## Input data
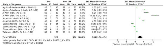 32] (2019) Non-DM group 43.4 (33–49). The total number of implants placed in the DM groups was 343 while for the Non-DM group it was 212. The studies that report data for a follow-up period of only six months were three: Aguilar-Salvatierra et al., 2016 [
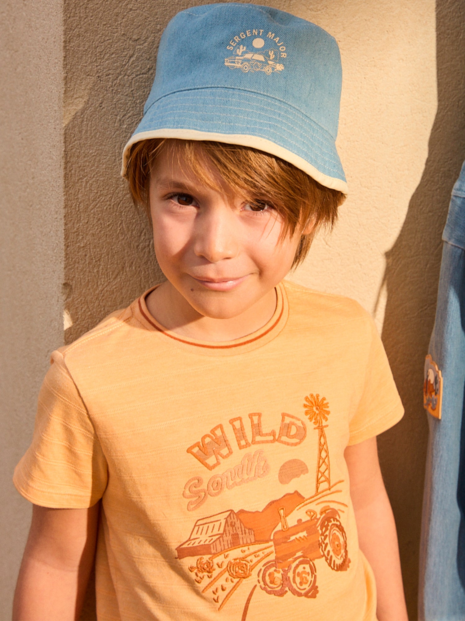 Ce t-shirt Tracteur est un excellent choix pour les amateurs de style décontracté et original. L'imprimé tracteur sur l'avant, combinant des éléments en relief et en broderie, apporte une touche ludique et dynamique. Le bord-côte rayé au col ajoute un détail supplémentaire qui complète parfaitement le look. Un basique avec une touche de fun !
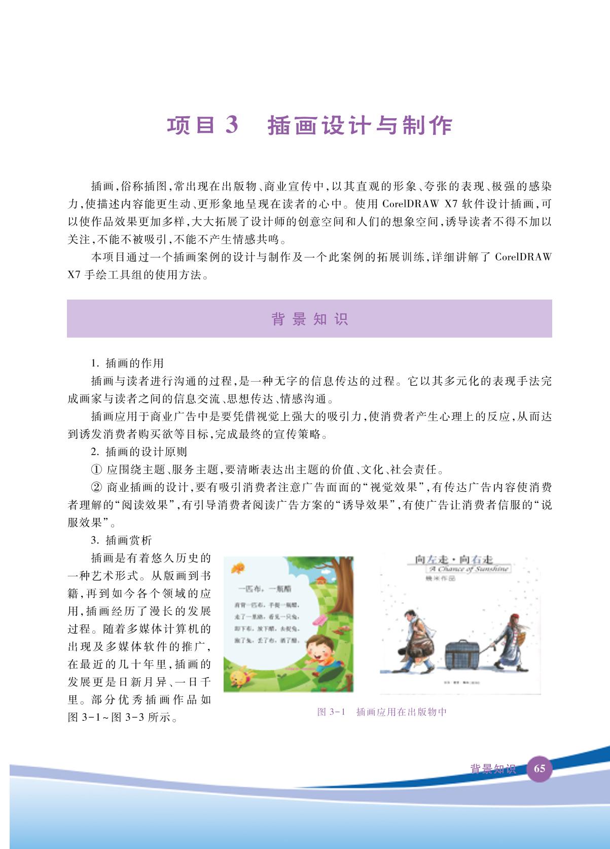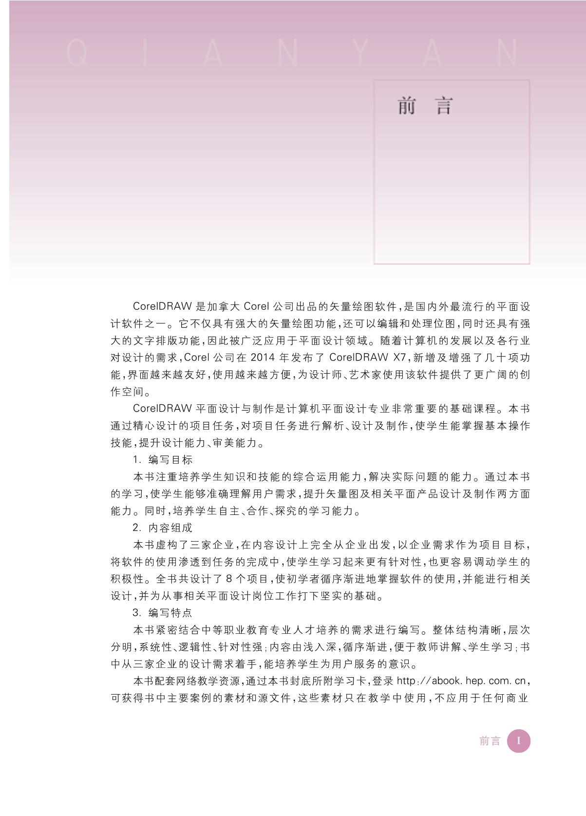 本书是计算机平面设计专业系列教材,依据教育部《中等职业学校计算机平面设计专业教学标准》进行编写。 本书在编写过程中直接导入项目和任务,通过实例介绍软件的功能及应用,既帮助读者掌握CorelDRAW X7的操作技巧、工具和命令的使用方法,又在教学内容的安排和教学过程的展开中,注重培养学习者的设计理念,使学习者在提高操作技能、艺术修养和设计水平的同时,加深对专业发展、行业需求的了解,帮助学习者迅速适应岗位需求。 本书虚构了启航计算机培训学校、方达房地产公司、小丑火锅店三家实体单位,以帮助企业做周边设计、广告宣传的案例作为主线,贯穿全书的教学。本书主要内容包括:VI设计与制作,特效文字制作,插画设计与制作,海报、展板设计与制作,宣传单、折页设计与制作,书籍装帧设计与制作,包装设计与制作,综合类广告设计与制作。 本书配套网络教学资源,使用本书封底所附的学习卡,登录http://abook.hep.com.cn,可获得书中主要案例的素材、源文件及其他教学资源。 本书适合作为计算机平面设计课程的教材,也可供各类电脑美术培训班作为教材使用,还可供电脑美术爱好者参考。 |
--
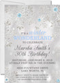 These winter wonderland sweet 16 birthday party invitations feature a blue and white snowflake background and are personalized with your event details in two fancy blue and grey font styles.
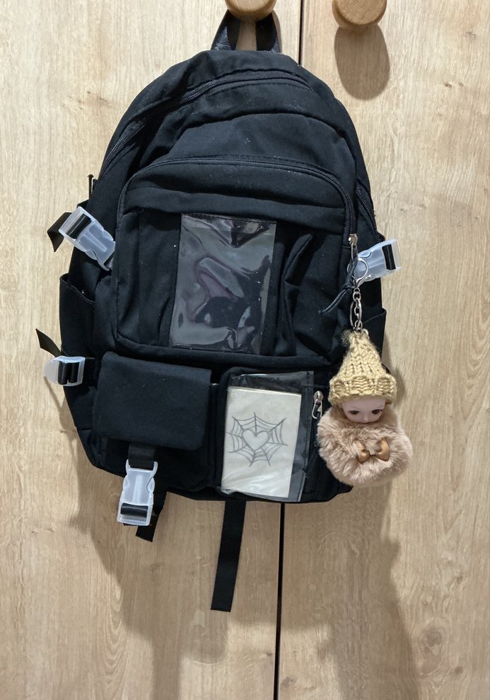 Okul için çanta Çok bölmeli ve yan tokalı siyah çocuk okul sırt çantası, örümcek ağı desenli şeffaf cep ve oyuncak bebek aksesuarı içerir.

## How to complete this task
When you reach the line containing "32] (2019) Non-DM" in the entries above, begin restating word for word, and stop once the line containing "Ce t-shirt Tracteur" has been given. Omit the pictures.

## Solution below
 32] (2019) Non-DM group 43.4 (33–49). The total number of implants placed in the DM groups was 343 while for the Non-DM group it was 212. The studies that report data for a follow-up period of only six months were three: Aguilar-Salvatierra et al., 2016 [
 Ce t-shirt Tracteur est un excellent choix pour les amateurs de style décontracté et original. L'imprimé tracteur sur l'avant, combinant des éléments en relief et en broderie, apporte une touche ludique et dynamique. Le bord-côte rayé au col ajoute un détail supplémentaire qui complète parfaitement le look. Un basique avec une touche de fun !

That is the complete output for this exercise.